I'm not quite sure what to think about that answer. I do think it's good for patients to identify their own triggers.

2 comments

There's definitely a lot of autoimmune type diseases that have mental and/or physical components.

Your endocrine system, sympathetic nervous system and central nervous system are all wired up together so of course changes/disfunctions in one can cause symptoms in another.

And there's lots of pathogens that cause "flu-like" symptoms, so it makes sense there could be multiple things that cause "UC-like" symptoms.

As mentioned in another comment my step moms UC is likely stress related. My crohns doesnt seem to be; but sport helps me a ton. Something thats interesting is that even with MC and also PSC there are multiple "forms" of it.

My doc says my crohns is inflaming the whole end part of my colon somewhat consistently; my small intestines are fine. Many other patients of hers have inflammations at specific parts that are more severe, and also sometiumes the small intestines are affected.

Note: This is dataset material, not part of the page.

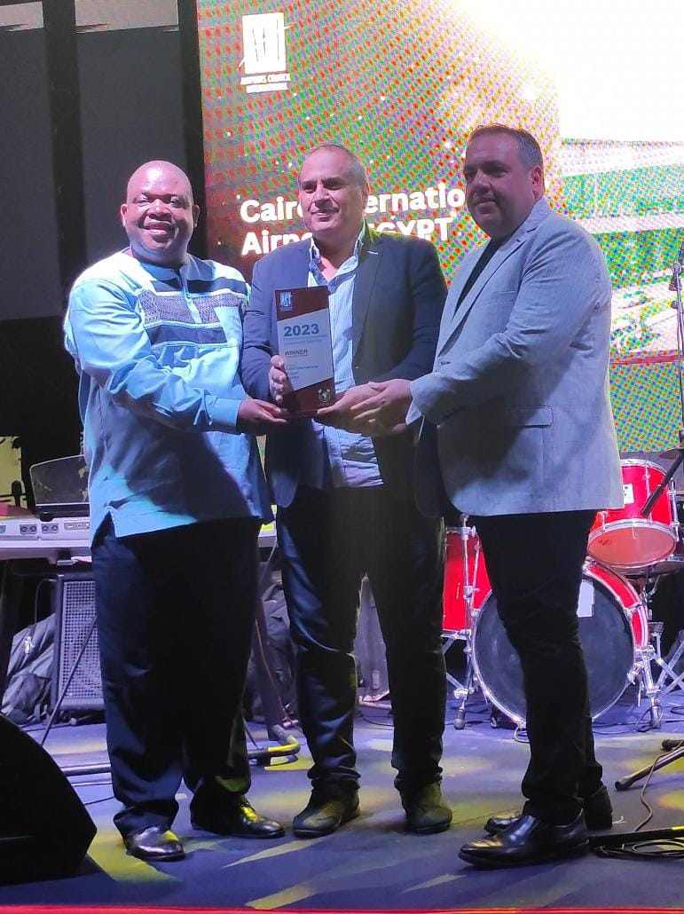 وقام إيمانويل تشافيز رئيس المجلس الدولي للمطارات لقارة افريقيا بتسليم الجائزة للملاح/خالد الالفي مساعد رئيس مجلس إدارة الشركة المصرية القابضة للمطارات والملاحة الجوية.

And then my PSC seems to (so far) only affect my small ducts; which doesnt mean it cant get more severe but so far is "less damaging" then "normal" PSC. No one seems to really know if these are the same disease, related or entirely different. Its kinda crazy tbh

Practicing yoga seems to help my UC. Aerobic exercise and weight training don't (although are obviously good in and of themselves). You can call it "woo", if you like, but I believe there's something to integrative practice that aligns the endocrine and sympathetic / para-sympathetic nervous systems. It at least seems to damp down my particular inflammation reactions in ways that other kinds of exercise do not.

Oh, also nicotine. I don't like being addicted to my vape pen, but a steady dose of nicotine gives me a much wider margin for error with my diet. Curiously, this connection was pointed out by my first, and best, gastro doctor: the two groups who present UC much less frequently than others are smokers and Ashkenazi jews. He told me that (prefaced by "I'm a doctor, so I can't really recommend this, but...) some of his patients found cigars helpful, and are fairly low-risk, as smoking goes. I used cigars for years to kill sub-clinical flares, before getting tired of the smell, and the time-commitment and hassle, and worried about the blood-pressure spikes they induce. Vaping is superior in every way, and I have made the cost-benefit wager that whatever (fairly low, so far as we can tell) health risk that comes with vaping is less than the risk and consequence of colon cancer from less-controlled UC.

That is, by the way, one of the big clues to varying etiologies: some people's UC is exacerbated, not helped, by nicotine. (My understanding is that Crohn's is always exacerbated.) My doctor friend and I believe we understand the mechanism behind why it works for my particular case.